Effect of the properties of MnOx/activated carbon and flue gas components on Hg0 removal at low temperature
Abstract
Manganese oxide loaded on activated carbon (Mn/AC) was synthesized using an impregnation method, and its capacity for Hg0 removal in simulated flue gas was investigated at 120 °C. The Hg0 removal performance was significantly enhanced by manganese oxide. The effects of the Mn loading on Hg0 removal were evaluated. X-ray diffraction (XRD) and Brunauer–Emmett–Teller (BET) were employed to characterize the samples. In addition, the effects of individual flue gas components, including SO2, NO and HCl, on the Hg0 removal performance over the Mn/AC sorbent were investigated. The results indicated that 10% Mn/AC was the optimal sorbent under the simulated flue gas conditions.

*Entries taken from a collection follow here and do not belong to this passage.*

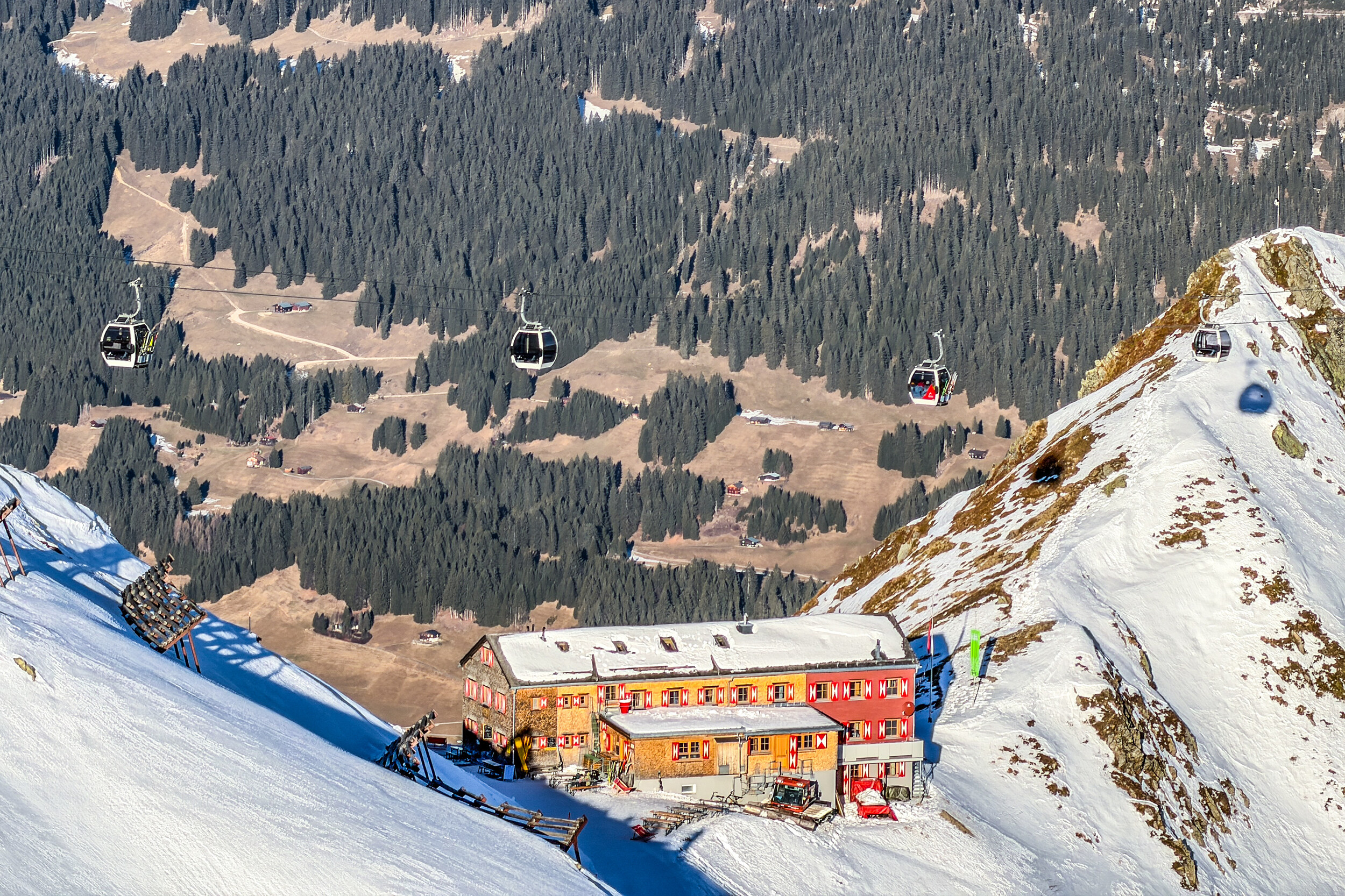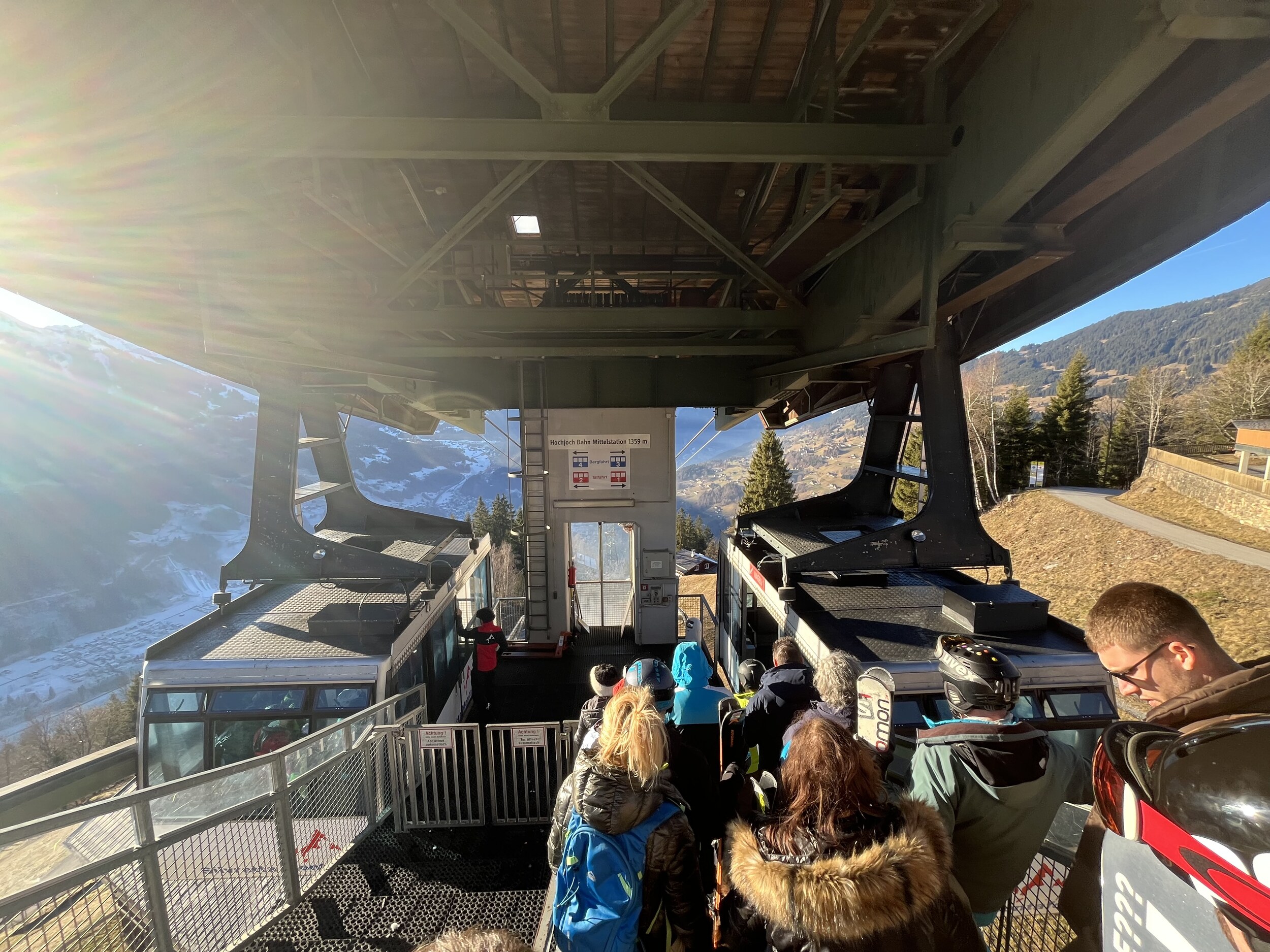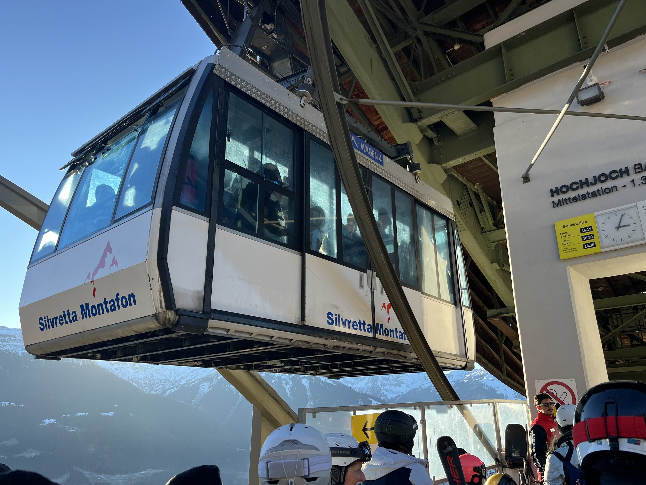 -8° in Schruns. Schade, dass die Talabfahrt erst jetzt beschneit werden kann. Leider fährt der Hotelbus erst ab 8.30 Uhr, obwohl die Zamangbahn schon um 8 Uhr startet. Und auch das späte Frühstück ab 7.30 Uhr ist mal wieder das klassische Ärgernis wie in vielen Hotels. Um 8.40 Uhr müssen wir 7 Minuten anstehen. Könnte schlimmer sein. Als erstes fahren wir die rassige blaue Piste zur Mittelstation. Und wir haben Glück, die PB ist grad da, wir können unmittelbar einsteigen. Seebliga ist natürlich noch im Schatten: Die Panoramabahn finde ich schon den Hit: Endlich in der Sonne. Die Piste ist aber sehr eisig und übervoll. Schon ein tolles Panorama hier: Und eine lässige Bahn: Wormser Hütte am Sennigrat. Da bin ich früher oft mit dem Gleitschirm gestartet. Diese Piste erinnert mich immer ans Rothorn auf der Lenzerheide: Der Tunnel ist aber länger: Der Freda-Lift hingegen ist für die Katz. Die Piste ein Witz: Edit 12.30 Uhr:
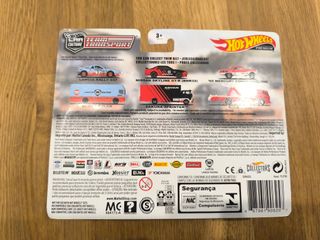 Coleção Hot Wheels Team Transport com o modelo BMW M3 E46. - Inclui caminhão e carro. - Tema Eibach Racing. - Modelo Aero Lift.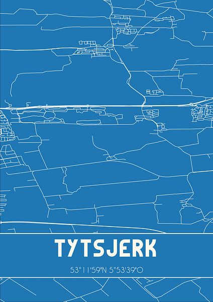 Plan de la carte / carte de la ville néerlandaise Tytsjerk, située dans la municipalité Tytsjerksteradiel, province Fryslan. La carte comprend toutes les routes publiques et les coordonnées du centre de Tytsjerk.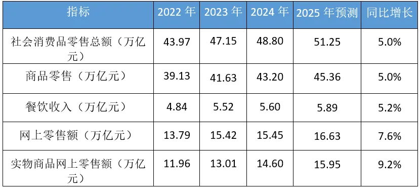2024年,我国社会消费品零售总额达到48.8万亿元,同比增长5.0%,消费市场规模持续扩大。其中,商品零售43.2万亿元,增长4.8%;餐饮收入5.6万亿元,增长6.5%。线上零售保持快速增长,实物商品网上零售额14.6万亿元,增长11.5%,占社会消费品零售总额比重达30.0%。
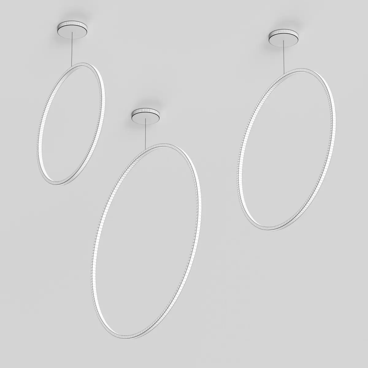 The pendant LED light in the form of a ring with a diameter ranging from 42.5 cm to 105 cm, with illumination both inward and separately models with outward illumination. A modern, stylish chandelier - a designer LED light fixture in the form of a ring. This designer chandelier is ideal for interiors in the modern, loft, and high-tech styles.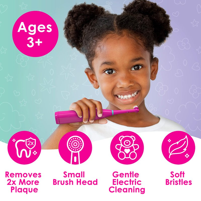 Brusheez Kids’ Electric Toothbrush Set - Safe & Effective for Ages 3+ - Parent Tested & Approved with Gentle Bristles, 2 Brush Heads, Rinse Cup, 2-Minute Timer, & Storage Base (Prancy The Pony)
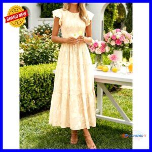 Boho Floral Midi Dress Short Sleeve Smocked A-Line Maxi Beach Vacation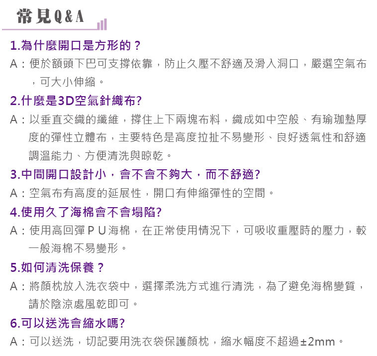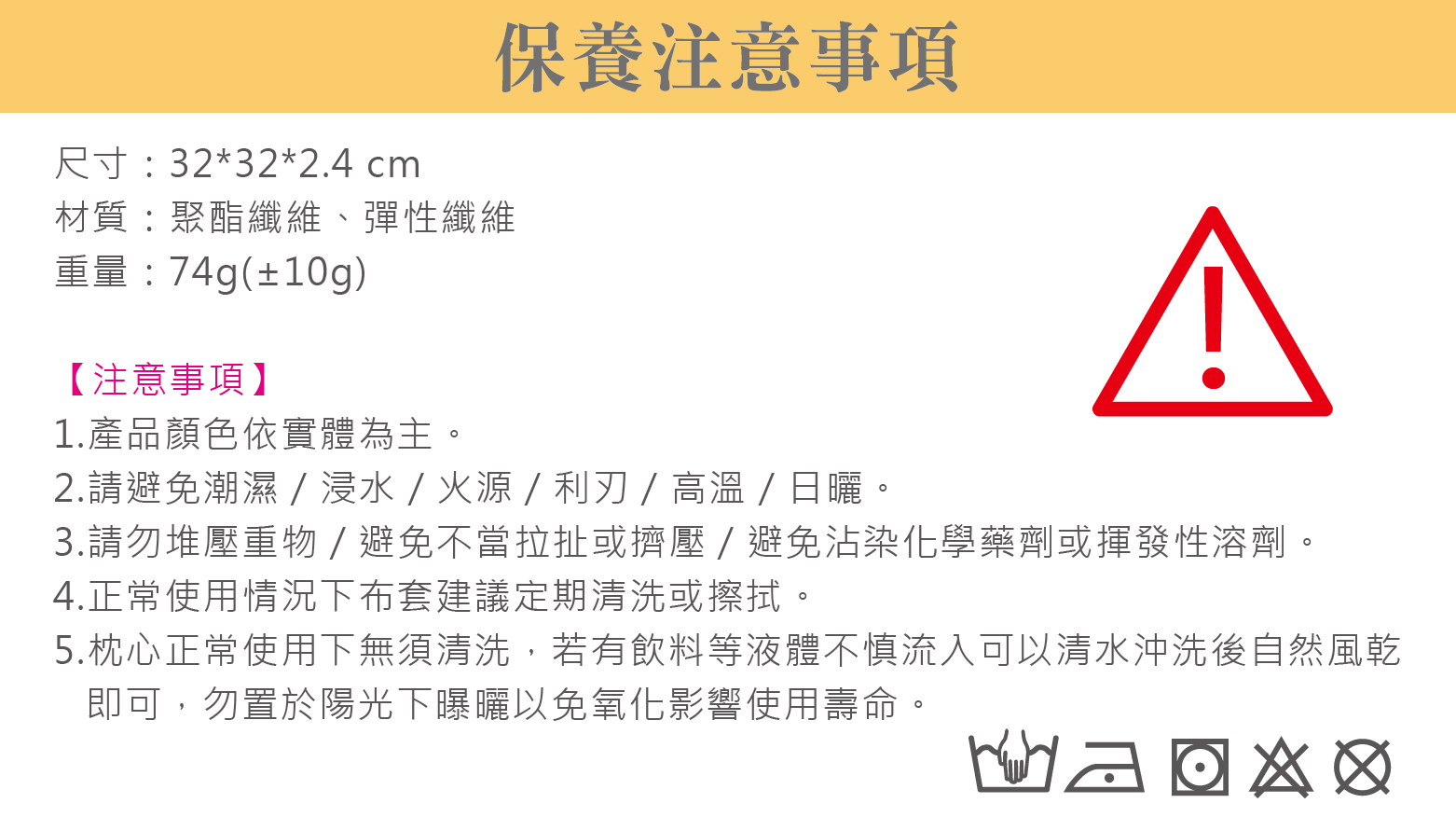⑤ 枕芯正常使用下無須清洗,若有飲料等液體不慎流入可以清水沖洗後自然風乾即可,勿置於陽光下曝曬以免氧化影響使用壽命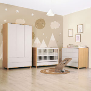 חדר קורי, טיילור ובריידי של המותג דייניז, מעוצב בסגנון צעיר במראה נקי, חמים ואלגנטי. החדר בגוונים בהירים ונקיים בשילוב צבע לבן וצבע עץ אלון, משדר רוגע ויוצר אווירה חמה ומפנקת. החדר כולל: מיטת תינוק דגם קורי ההופכת למיטת מעבר שידה דגם טיילור ארון בגדים דגם בריידי שידת טיילור –בשידה זו שילוב של שני סוגי המגירות, שלוש מגירות רחבות ושלוש מגירות צרות, עם גישה נוחה לכל פריט, לשימוש אופטימלי וניצול מקסימלי. מיטת תינוק קורי ההופכת בקלות למיטת מעבר – מיטת קורי מותאמת לשלבי ההתפתחות והצמיחה של התינוק והופכת למיטת מעבר – פתרון מודולרי שהופך אותה לייחודית ואהובה. בסיס המיטה מתכוונן ל- 2 מצבי גובה: מצב עריסה ומצב מיטת תינוק. המיטה מתאימה לשלבי ההתפתחות של התינוק כבר מגיל לידה, ועונה על הצורך של הורים ליהנות מצמיחתו והתפתחותו של התינוק בחופשיות וללא דאגות. *מגן למיטת מעבר לא כלול במחיר, ניתן לרכוש בנפרד בעלות 249 ₪. *המיטה לא מגיעה עם מזרן / מצעים. התמונה להמחשה בלבד. ארון בגדים בריידי – תוכנן בקווים נקיים, ישרים, חמים ואלגנטיים בעיצוב קלאסי מינימליסטי. לחזית הארון שלוש דלתות בגוון לבן בהיר וצדדיו מחופים מלמין בצבע עץ טבעי, יוצרים קונטרסט, מעניקים תחושת חמימות, ויוצרים אווירה נעימה בחלל, המראה הסופי שמתקבל – ארון גבוה בגימור מתוחכם ומוקפד. מחירון-הובלות-דוורון עוד אלמנט מעניין הוא שילוב שתי מגירות רחבות המאפשרות אחסון נוח, סדר וארגון. הארון עומד על רגליים המרימות אותו מהרצפה ונותנות לו מראה קליל יותר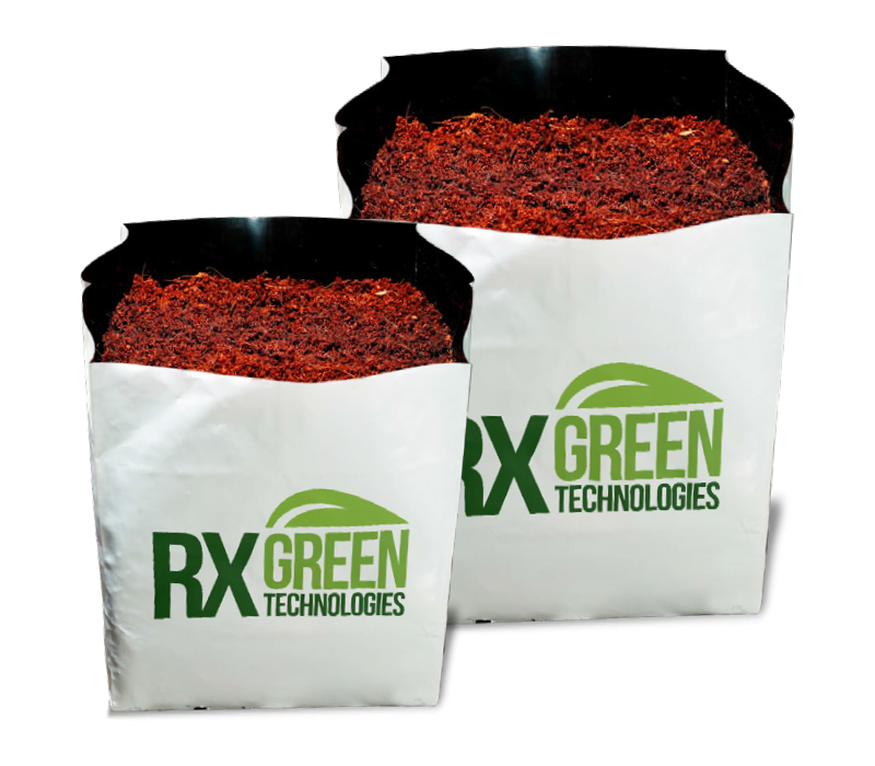 Coco coir is a soilless substrate produced from the fibrous husks of ripe coconuts. Sourced from established and reputable farms, located in the Tamil Nadu region of India, Rx Green Technologies coir is a sustainable and renewable option for cannabis cultivation. Our coir choices include 100% coir in compressed or ready-to-use form and 70% coir 30% perlite in ready-to-use biodegradable bags.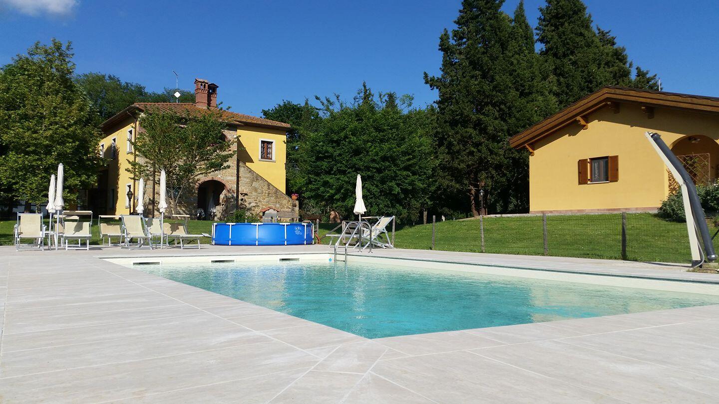 The main building is divided into two floors: the upper floor, reached via a traditional stone staircase, features a covered loggia offering beautiful Tuscan landscapes and the town of Castiglion Fiorentino in the background. From the loggia, two apartments are accessible: Melo in Fiore and Glicine Giallo (sleeps 3-5 each), each measuring 65 square meters. Both apartments feature a large kitchen, living room, bedroom, and bathroom with shower, and are furnished with period furniture.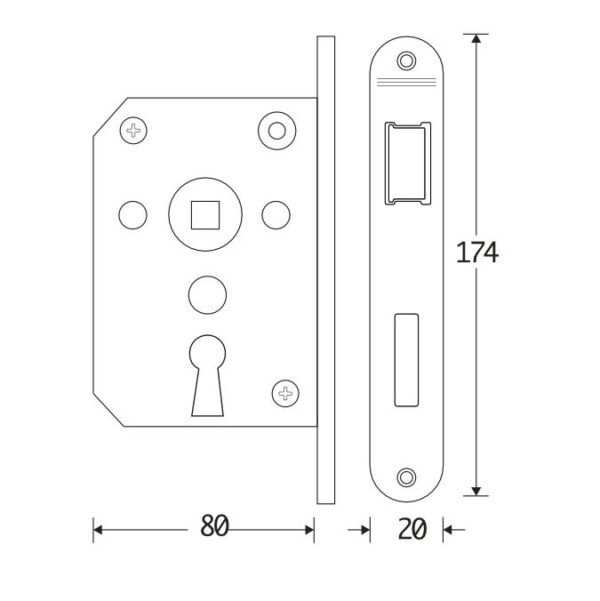 - Afmeting slotkast: 116,5 x 80,3 x 17 mm

The XRD and BET analyses indicated that the Mn3O4 crystal particles and surface area were the primary factors that contributed to Hg0 removal. The competitive adsorption and formation of Mn(SO4)x were the primary reasons that SO2 inhibits Hg0 removal. In a pure N2 atmosphere, a low concentration of NO decreased the Hg0 removal due to consumption of active oxygen species. However, a high concentration of NO promoted Hg0 removal due to the formation of N-containing active species that were generated on the sample surface. The Mn/AC sample remained highly active toward Hg0 removal in the presence of HCl due to reaction with active chlorine species.